I have been looking for some shadow maps solutions for large areas, and the best one I could find was the Trapezoidal Shadow map:
(take a look at the videos, and the comparassion between standard shadow map, perspective shadow map, and the trapezoidal shadow map. It looks really great, and they’re using only one 1024x1024 shadow map for all the area).

Another good one is the Cascaded shadow map:
developer.download.nvidia.com/SD … w_maps.pdf

Unfortunately, I think that it would be quite hard to implement it on Panda3D. Has anyone ever tried?

There’s no problem putting the shadow camera a long way off, just reduce the FOV of the camera. Well you could get a problem with depth resolution, but it would have to be a pretty long way off for that.

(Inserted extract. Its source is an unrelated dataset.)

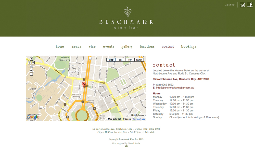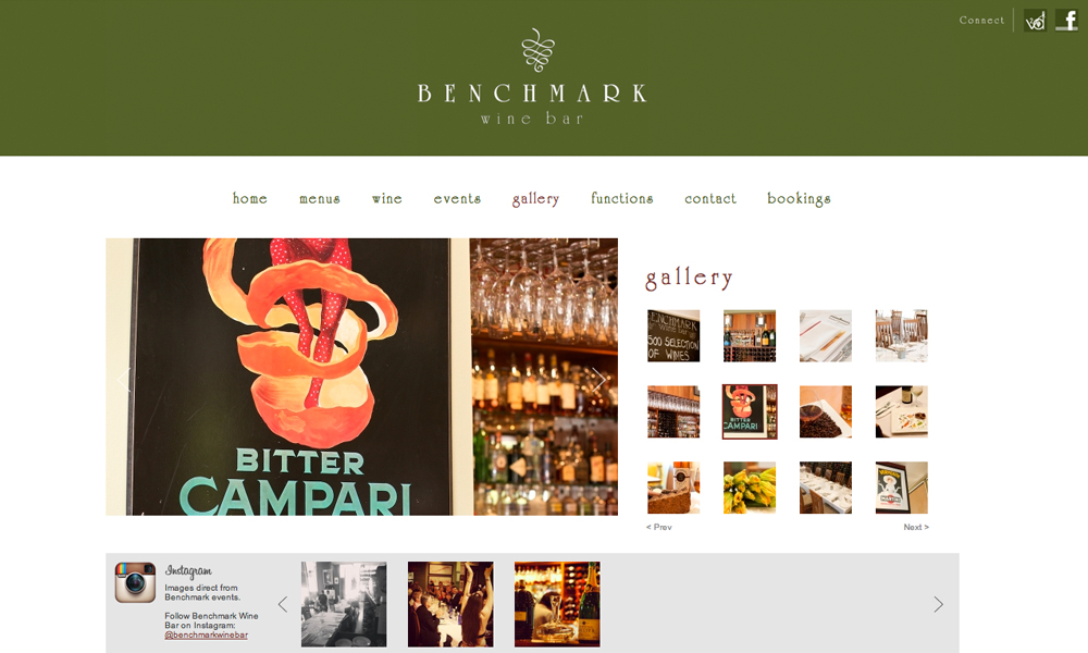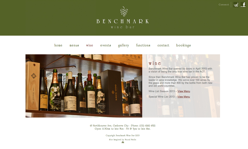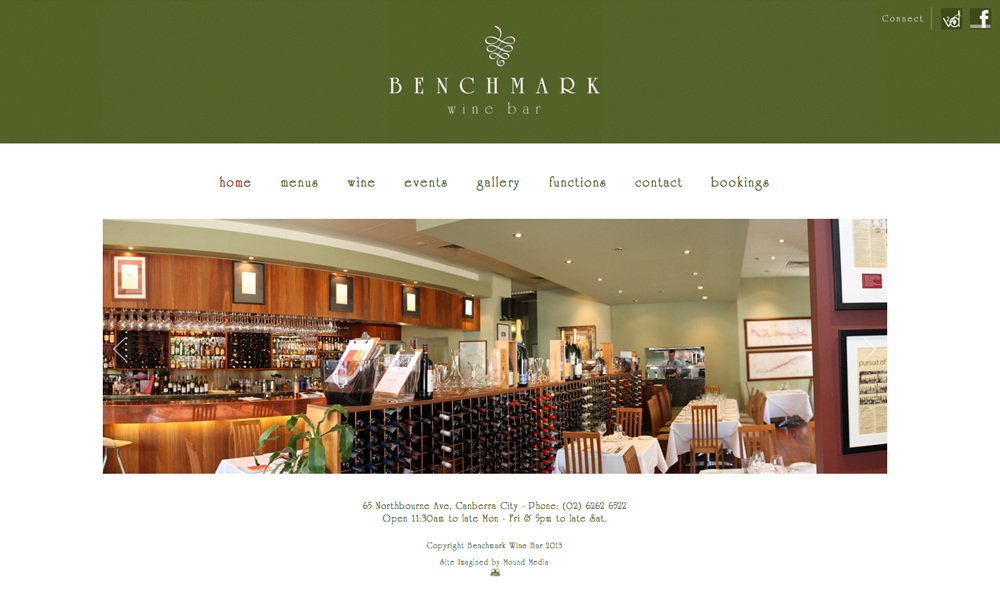Benchmark Wine Bar is Canberra, Australia's premier wine bar. This project involved the re-design and re-development of the website including events, galleries, menus and online booking systems.
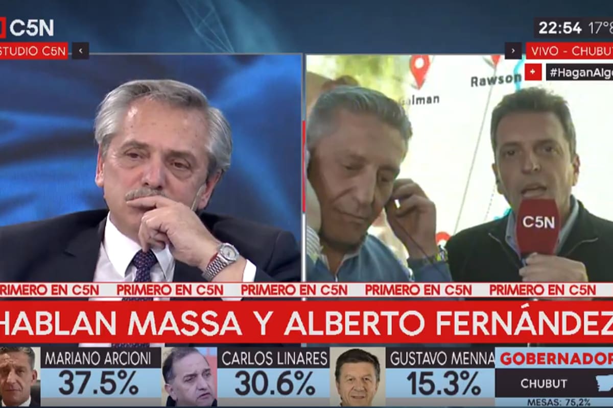 No fue un diálogo secreto, pronunciado a puertas cerradas, sino el intercambio que Alberto Fernández y Sergio Massa mantuvieron esta noche a través de la pantalla de C5N. El primero, en los estudios porteños del canal. El segundo, en Comodoro Rivadavia, donde había viajado para acompañar los festejos de la reelección del gobernador Mariano Arcioni.

The other techniques look cool - I’ll have a closer look at them when I get a chance, thanks.

I uploaded a video showing the Parallel-Split Shadow Maps (http://appsrv.cse.cuhk.edu.hk/~fzhang/pssm_project/) that we’ve implemented for our game:

http://www.youtube.com/watch?v=pPty2_g35t8 (the normal quality is really terrible. Watch in HD)

There are three shadow maps (one 1024x1024 and two 512x512) that cover all the view frustum. The colors (red, green or blue) show what shadow map is being used at a particular fragment.

I will try to post the python and the shader code later this week, in case someone wants to use it. I have to change a few things before…

whow. looks really nice :slight_smile: would be great if you can post it.

Awesome! It would be great if you share the code :slight_smile:
Is it compatible with the Panda’s shader generator, by the way?

No, it’s not compatible :frowning:
Maybe someday someone will integrate the parallel-split shadow map technique with panda’s c++ code (and the shader generator). Then Panda3D will have a shadow system on par with the one found on Ogre3D.

We have been using Panda3D for almost two years now and we hope to finish our game (Estrada Real Digital) by the end of the month. Maybe then I will have some free time to implement a shadow system using c++. But I have no idea how hard that would be :stuck_out_tongue:

The shader is pretty much the same as the one found in the shadow map sample.
The only difference is the way the light direction is handled, and how the distance between the fragment/pixel and the camera determines what shadow map is going to be used.
The python code handles the lights frustums positions, directions, and the operations needed to get the camera’s far/height/width on each frame.

I will post the python and shader code by the end of the week.

hey, panda3D engine is missing in the pssm_project demo list!
fabiom you should make justice of this ASA you finish your work! :wink:
besides, I just can’t wait to see it finished and I hope you’ll post here a brief of your experience with P3D, how did you planned and developed your project - I guess many ppl here will be amazed to see it.